===== Collected data

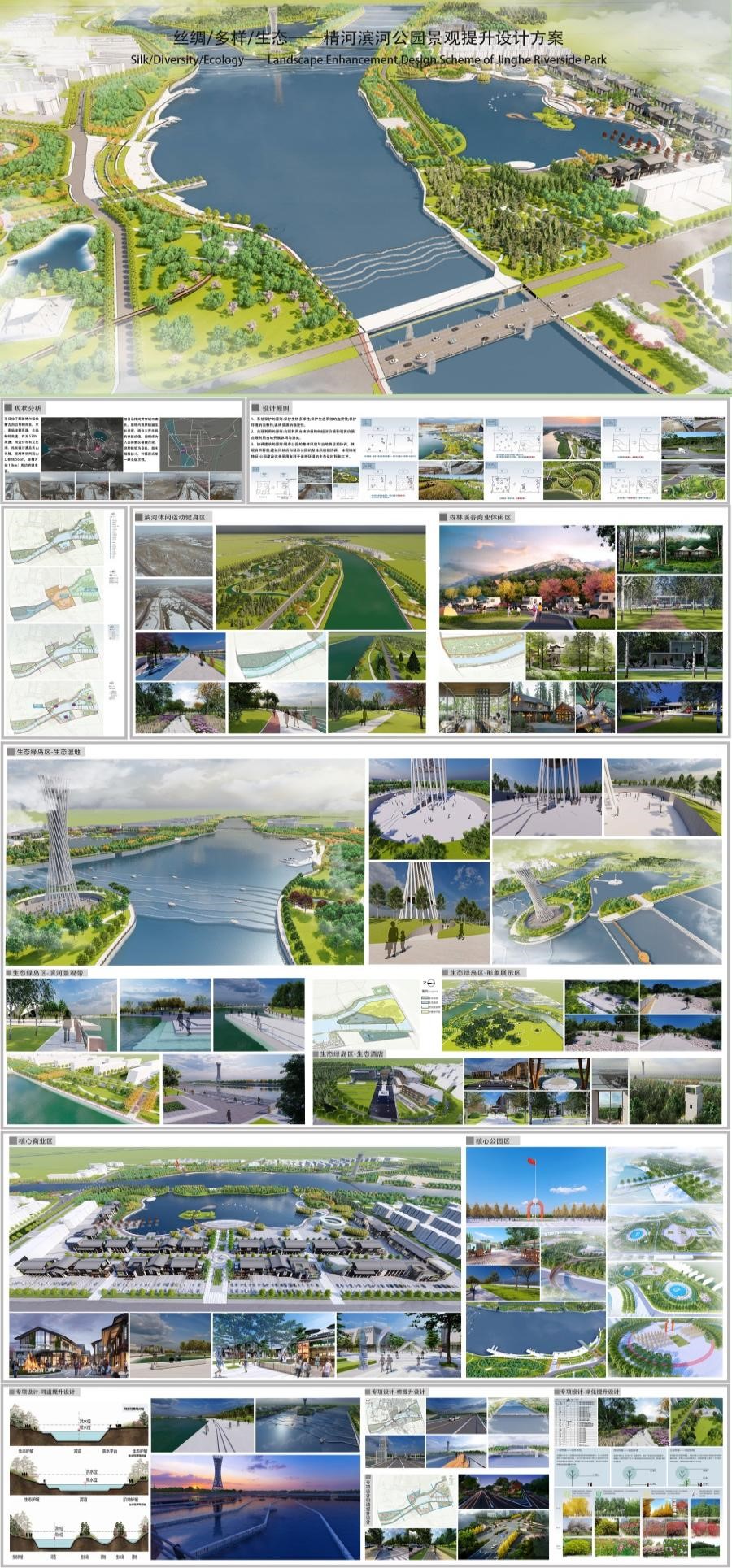 “精河滨河公园景观提升方案设计”由环境设计专业教师綦孝文、陈金瑾、崔姗等共同创作。方案以新疆精河县境最长、水量最大的河流——精河为设计对象,以提升精河县城市形象为设计目标,聚焦其优越的山、沙、河、湖等地理条件以及丝路、古城等人文因素,守生态平衡、重文化落地、试创新融合,方案既体现出滨河景观设计的多层次内容,又表达出厚重的历史文化与崭新的城市面貌。
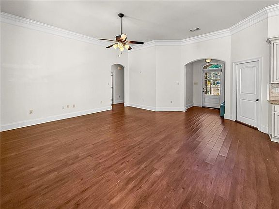 Easy living in Eagle Landing starts here with an open layout, great natural light, and spaces designed for everyday comfort. The home features a bright living area, stainless steel appliances, granite countertops, and a travertine backsplash in the kitchen. The primary bedroom offers an 11-foot ceiling, and the ensuite bath includes a garden tub, separate shower, double sinks, and a spacious walk-in closet. Enjoy outdoor living with a rear fence, covered patio, additional entertainment space, plus a storage shed for extra convenience. Eagle Landing is a charming neighborhood with sidewalks and underground utilities and is located in the Madisonville Lower Elementary and Covington High School districts, with convenient access to Hwy 1077, Hannan High School, Coquille Park, Rouses, and I-12.
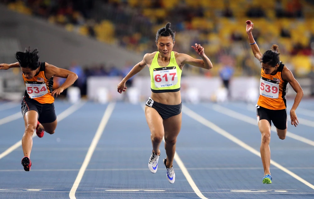 Lê Tú Chinh dự tranh vòng loại cự ly 100 m nữ. Ảnh: PHẠM HUY

==========

== What is expected ==
Print the material above once more, exactly. No pictures belong in it.

== Output of the exercise ==
 “精河滨河公园景观提升方案设计”由环境设计专业教师綦孝文、陈金瑾、崔姗等共同创作。方案以新疆精河县境最长、水量最大的河流——精河为设计对象,以提升精河县城市形象为设计目标,聚焦其优越的山、沙、河、湖等地理条件以及丝路、古城等人文因素,守生态平衡、重文化落地、试创新融合,方案既体现出滨河景观设计的多层次内容,又表达出厚重的历史文化与崭新的城市面貌。
 Easy living in Eagle Landing starts here with an open layout, great natural light, and spaces designed for everyday comfort. The home features a bright living area, stainless steel appliances, granite countertops, and a travertine backsplash in the kitchen. The primary bedroom offers an 11-foot ceiling, and the ensuite bath includes a garden tub, separate shower, double sinks, and a spacious walk-in closet. Enjoy outdoor living with a rear fence, covered patio, additional entertainment space, plus a storage shed for extra convenience. Eagle Landing is a charming neighborhood with sidewalks and underground utilities and is located in the Madisonville Lower Elementary and Covington High School districts, with convenient access to Hwy 1077, Hannan High School, Coquille Park, Rouses, and I-12.
 Lê Tú Chinh dự tranh vòng loại cự ly 100 m nữ. Ảnh: PHẠM HUY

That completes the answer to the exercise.